Subcommittee recommends Falcon-TCI agreement


In a preview of the city’s negotiating position when it decides whether to renew Falcon cable television’s franchise in February 2000, and alluding to what might be a controversial budget item, the Malibu City Council Telecom-munications Subcommittee last week recommended the City Council approve an agreement transferring Falcon’s ownership to Tele-Communications, Inc. (TCI).

Hailing them as a model of community access guidelines, subcommittee members Harry Barovsky and Tom Hasse also approved proposed recommendations for clarifying use of public access, educational and government (PEG) channels to be provided by Falcon under the terms of the transfer agreement. The PEG recommendations are to be voted on by the City Council at its Dec. 14 meeting.

The transfer agreement and PEG recommendations were presented to the subcommittee and City Manager Harry Peacock by the city’s telecommunications consultant Susan Herman.
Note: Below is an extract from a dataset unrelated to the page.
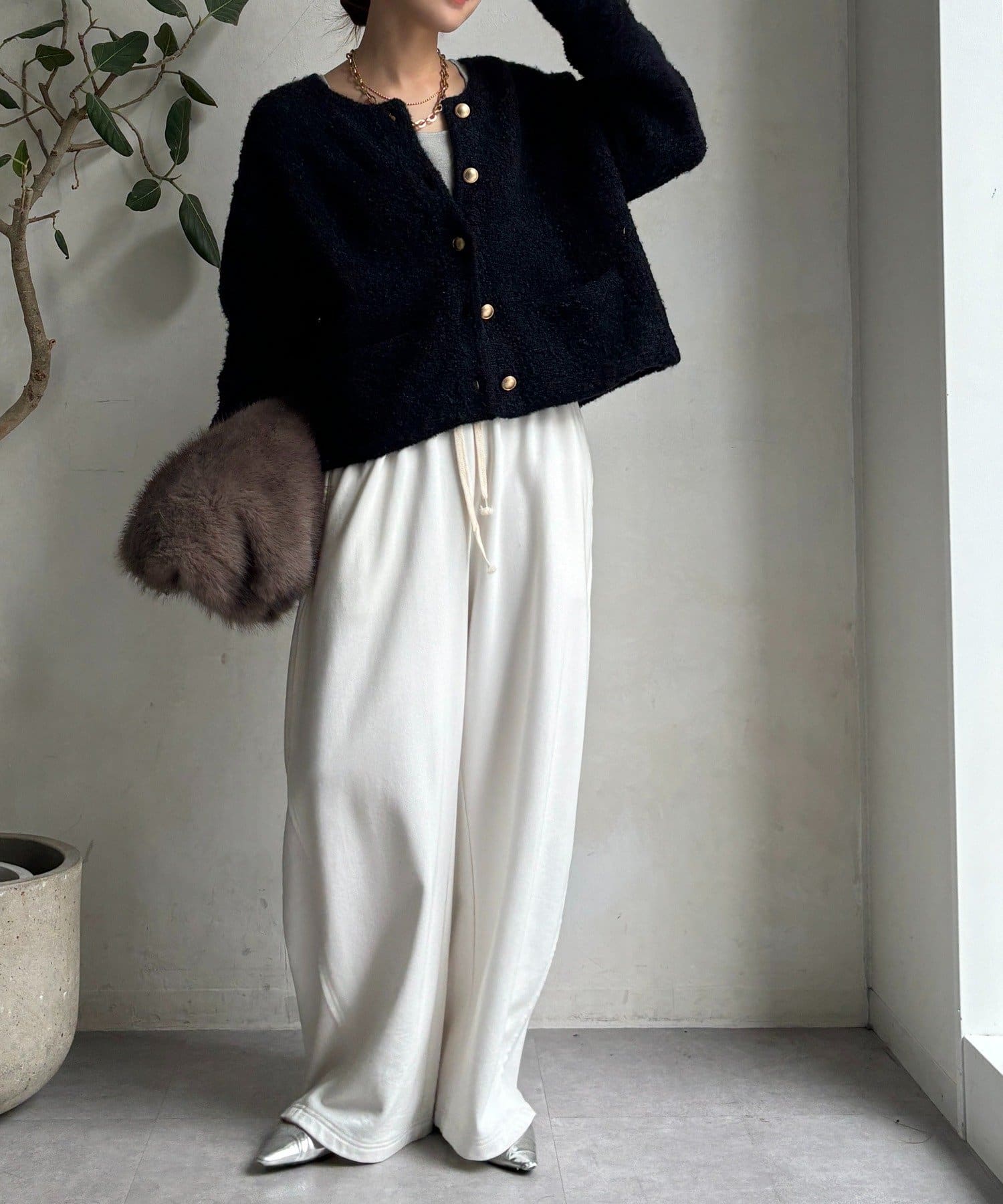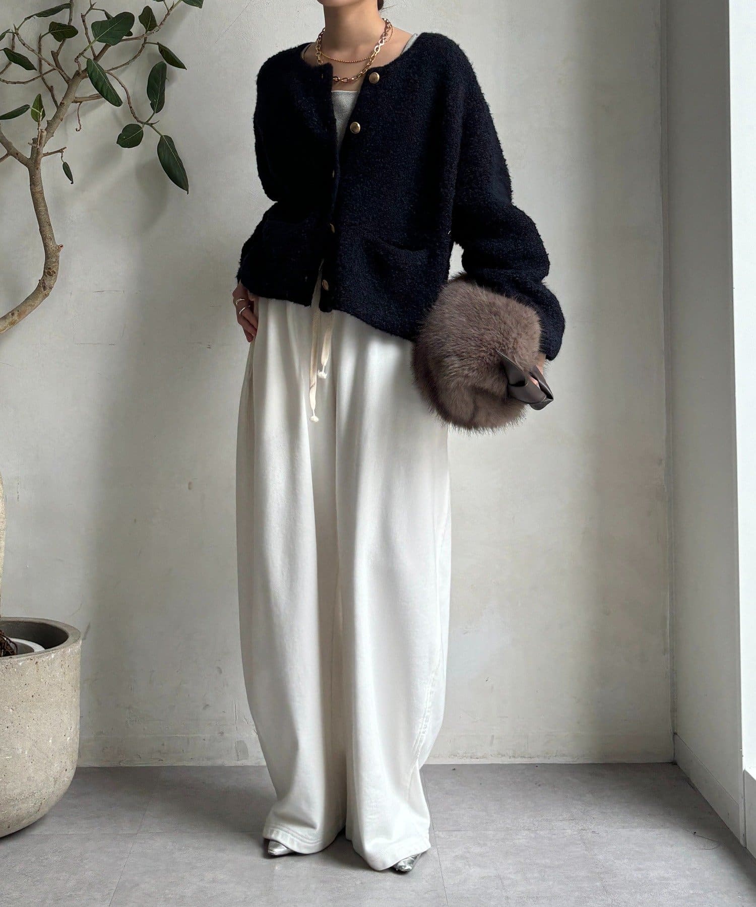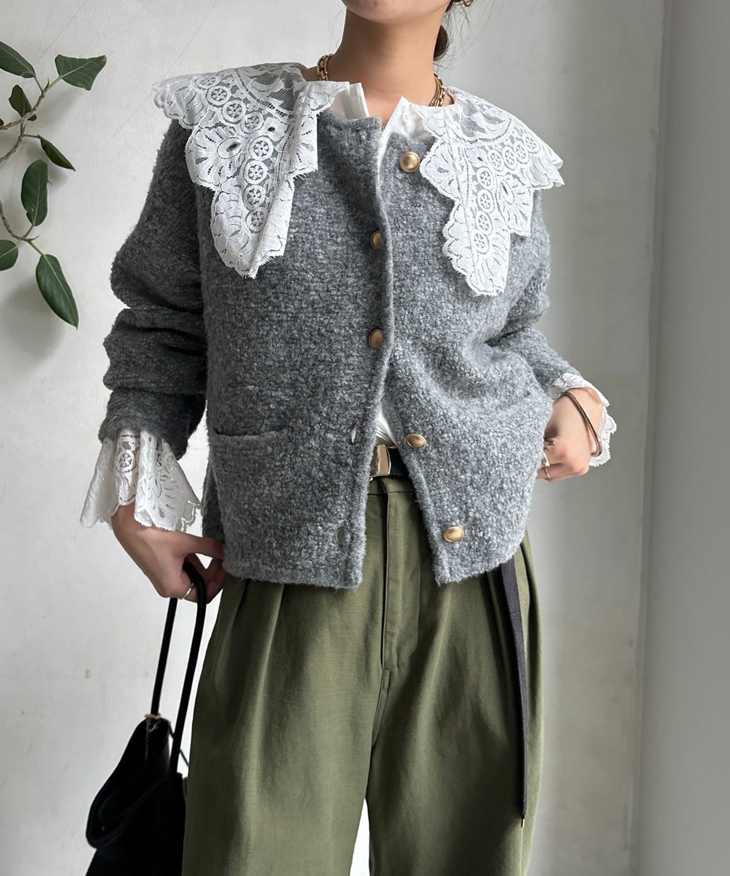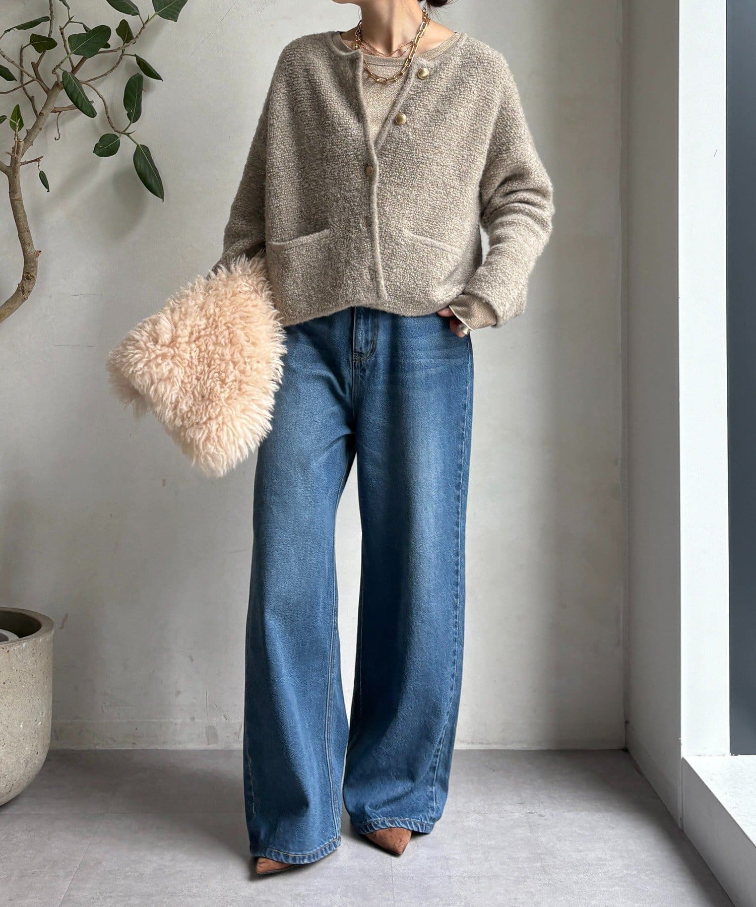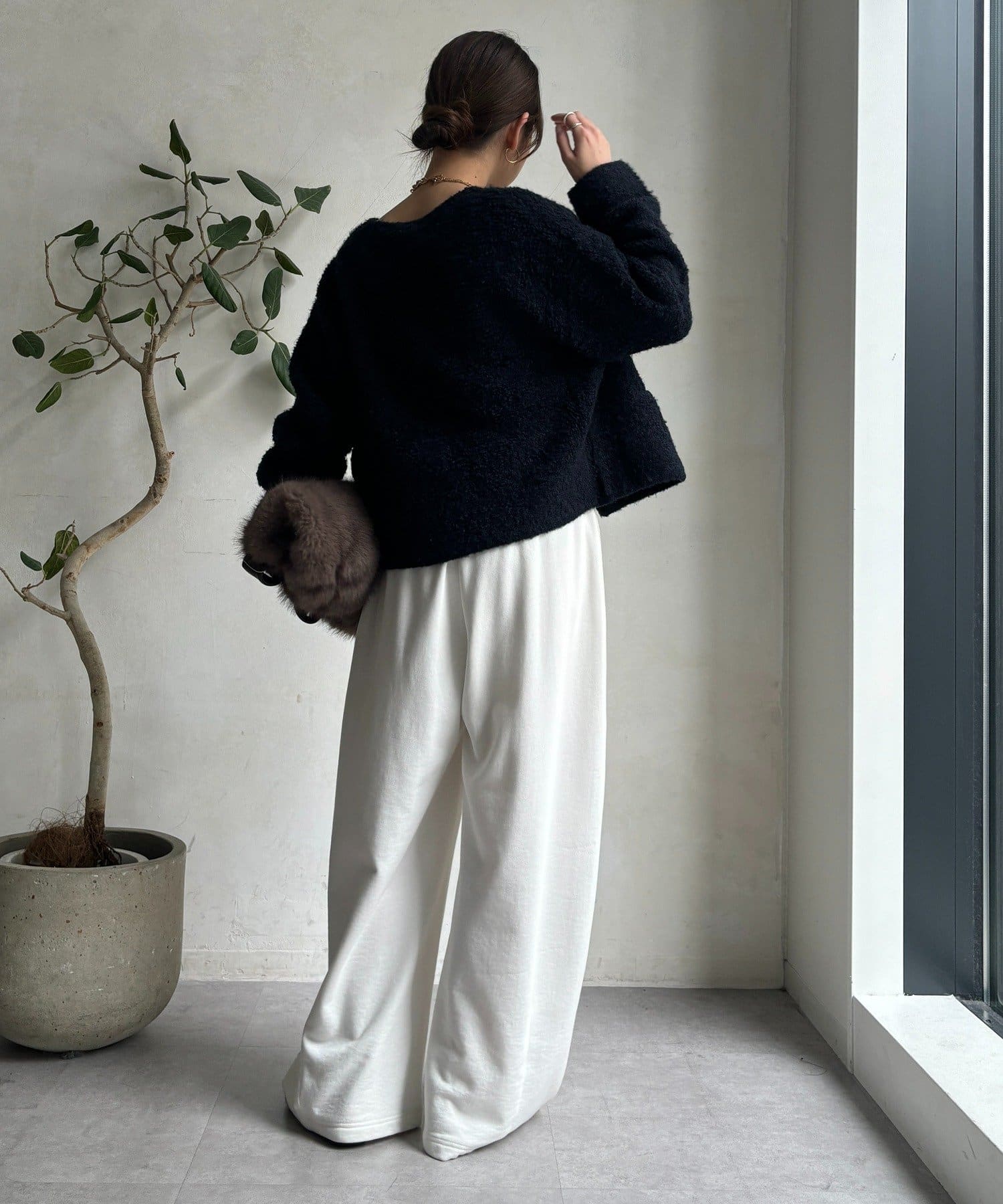 ふんわりと空気を含んだループヤーンが、見た目にもあたたかなニットジャケット。

Peacock said that the transfer agreement and PEG guidelines, along with community input in early 1999, would be the basis of the city’s “talking points” in the franchise renewal negotiations.
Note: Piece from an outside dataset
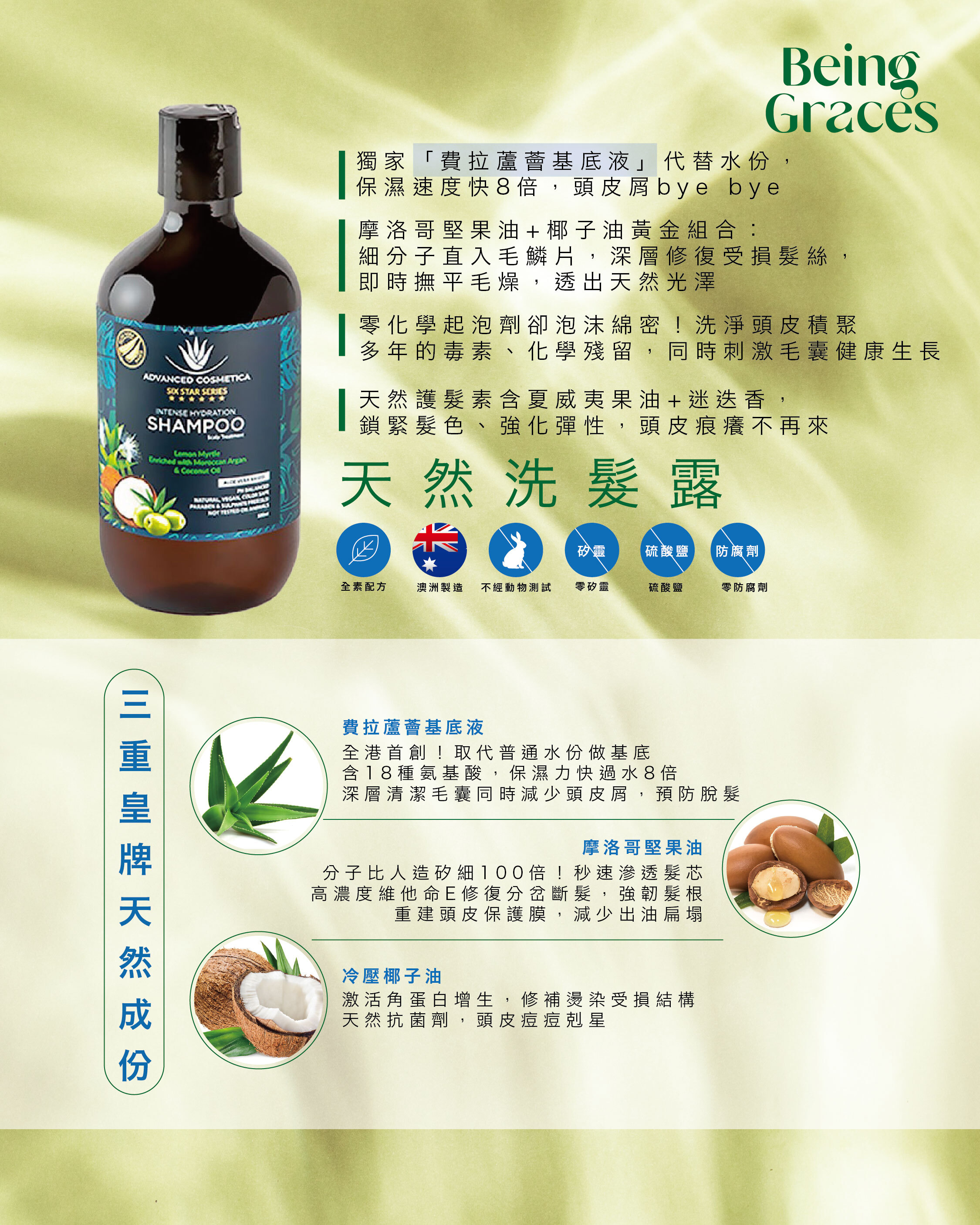 香港潮濕悶熱+化學造型產品殘留,令頭皮毛孔堵塞,毛囊愈洗愈脆弱!傳統含矽洗頭水只會「假滑」掩蓋問題,我哋用三重皇牌天然成份從根源重建健康:
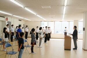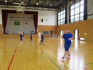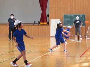 この日は雨だったために校庭が使えなかったので、体育館で全ての扉や窓を開けて行いました。

The transfer agreement stipulates:

  • No later than Feb. 1, 1999, Falcon is to designate Channel 15 exclusively for government use. Falcon is to give the city $30,000 for equipment and training for the government channel.
  • By April 1, Falcon is to provide a separate public access channel on the basic service price tier.
  • By Dec. 31, Falcon will pay the city up to $50,000 for all technical consultant and third-party costs incurred by the city in reviewing the transfer agreement. Falcon will not pass through those costs to subscribers.

Responding to Sam and Nidia Birenbaum’s contention that Falcon owes the city $1,800,000 in damages for not providing the equipment and training required under the current franchise agreement, Hasse noted that the Community Services portion of the city budget for June 30, 1998 through June 30, 2000 includes approximately $170,000 for the city to establish and equip a television studio, set up training programs and manage community access television for the city. Funding for the program would come from 40 percent of the city’s cable franchise revenue (estimated at $170,000 for fiscal 1999) and a $0.67 per month cable bill surcharge for each cable subscriber, the budget item says.
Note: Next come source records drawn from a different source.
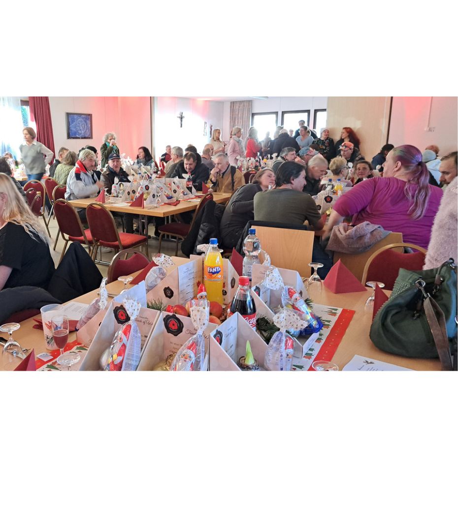 Am 18. November fand im Gemeindehaus der Laurentiuskirche eine besondere Weihnachtsfeier statt. Rund 190 Gäste, die meisten von ihnen wohnungslos, wurden in einer festlich dekorierten und einladenden Atmosphäre empfangen. An den Tischen standen ehrenamtliche „Tischdamen und Tischherren“ bereit, um die Wünsche der Gäste entgegenzunehmen. Sie wurden unterstützt von Mitarbeitenden der Wohnungsnotfallhilfe der Regionalen Diakonie Bergstraße und des Fördervereins.
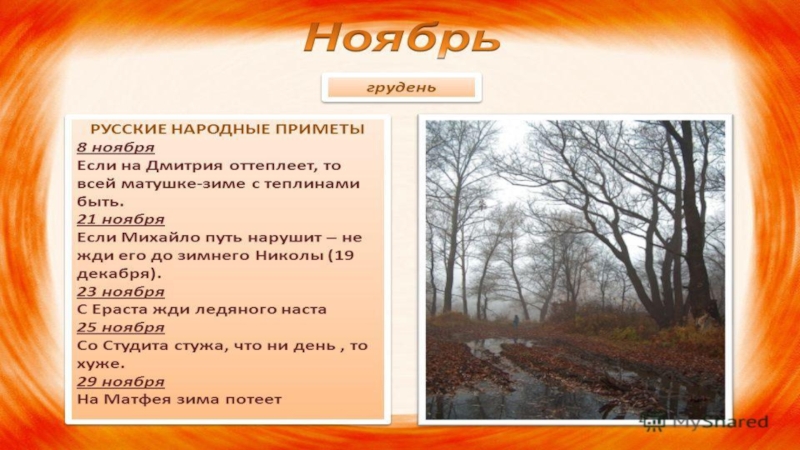 Ноябрь - ворота зимы: он ей родной батюшка.
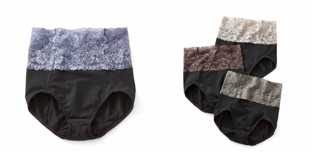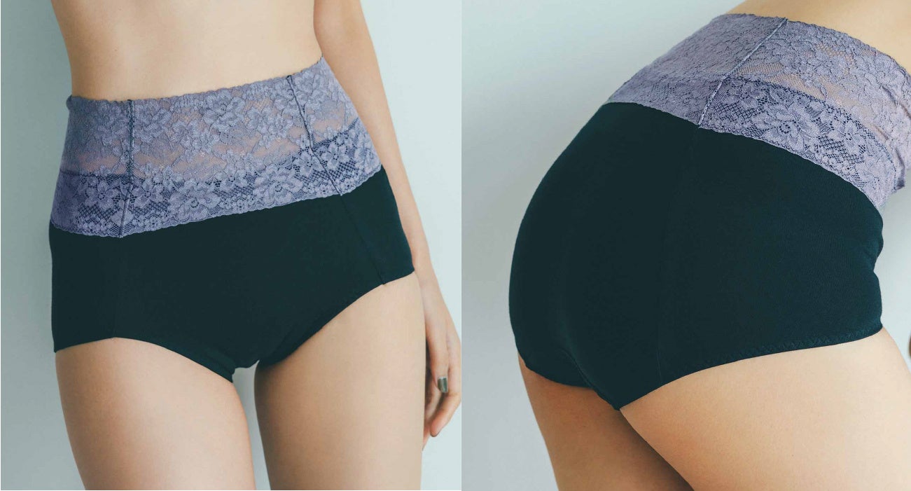 「はいてすぐはいいのに動くとずれる」悩みを解決するショーツです。ウエストの幅広レースと身生地を離したパターンにより、からだの動きにあわせて生地が常にフィットするので、ずれやすさを解消しています。

Herman said the transfer agreement does not preclude the city being compensated for breach of the franchise agreement.

For subscribers like Dr. Werner Koenig, who told the subcommittee about being overcharged by Falcon for years, the transfer agreement requires Falcon to give the city quarterly complaint records. Falcon will also give the city outage records quarterly. Herman described the PEG recommendations as an interim solution to the long-standing dispute between the city and Falcon about Falcon having passed PEG programming charges through to subscribers. The recommendations are:

  • Falcon shall broadcast on the public access channel a list of production personnel and equipment available to local access producers.
  • If local access producers have Falcon produce the program, none of the production costs shall be passed through to subscribers.
  • On the other hand, if the city asks Falcon to produce a show, Falcon can either provide the service at no cost to the city or bill the city for the costs. If the city is billed, it can pay Falcon directly or credit the costs against Falcon’s next franchise fee payment.